You can find almost anything on the Internet.

The problem with this reared its head at the end of the day; I often found myself staring at more than two-dozen Firefox tabs – each of them valuable, but not valuable enough to go through the hassle of creating a new folder, bookmarking them, etc.

One day an email showed up. It was from a tiny software company, who wanted to talk about market research.

And they had this product called TabCorral (actually, it was eCorral back then).

I wanted it. Badly.

I was happy they became a client (I write & consult for a living, which amuses me too).

Their product – renamed TabCorral – allowed me to create groups of browser tabs (web pages, mostly), and to quickly add new tabs to those groups as needed.

And I could do it on the fly.

I created a corral containing all the useful writer’s resource pages I found.

Every time I came across a new one, I’d add it to the heap – in literally a couple seconds.

I could open the whole shebang if I wanted – all those tabs at once. Or I could search the corral for the one page I needed.

I also write several blogs, and the ability to quickly create a corral and add a half-dozen tabs to it – research for an article – was a huge time saver.

When the article was posted, I simply deleted the whole corral.

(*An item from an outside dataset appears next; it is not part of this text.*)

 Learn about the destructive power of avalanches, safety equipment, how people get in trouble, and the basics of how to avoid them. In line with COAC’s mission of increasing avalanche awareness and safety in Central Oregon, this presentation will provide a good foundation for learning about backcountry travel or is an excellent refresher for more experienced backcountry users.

I was happy. It was an alpha release and there were some bugs, but I loved the utility. The number and size of my corrals grew.

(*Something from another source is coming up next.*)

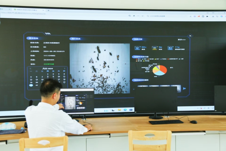 趙銳邊演示邊介紹,數(shù)字農(nóng)業(yè)綜合管理云平臺,最突出的表現(xiàn)是病蟲害治理。在智慧區(qū)田塊配備有高精度攝像頭,能夠24小時不間斷捕捉農(nóng)田蟲害影像,蟲情監(jiān)測燈設(shè)備能夠自動識別并分類各種害蟲,精確度達(dá)95%以上。實時的數(shù)據(jù)分析結(jié)果,通過物聯(lián)網(wǎng)技術(shù)即時上傳至云端,通過云平臺進(jìn)行統(tǒng)計分析處理,繪制出農(nóng)田蟲害分布圖,分析害蟲活動規(guī)律及發(fā)展趨勢,精確發(fā)布監(jiān)測預(yù)警,精準(zhǔn)定位蟲害區(qū)域,農(nóng)場公司農(nóng)科所根據(jù)分析結(jié)果,制定出針對性的病蟲害防治方案,使病蟲害防控工作變得精準(zhǔn)而高效。

Then they started work on TabCorral Pro – the cloud-enabled version – and suddenly my corrals synchronized my desktop and two laptops.

You know that old ad headline – “I liked the product so much I bought the company?

I’m a writer, so I’m not buying any companies.

But I did like the product enough to help them write their blog.

Here, you should expect to find tips, ideas, brainstorms, the occasional bit of news and other TabCorral information.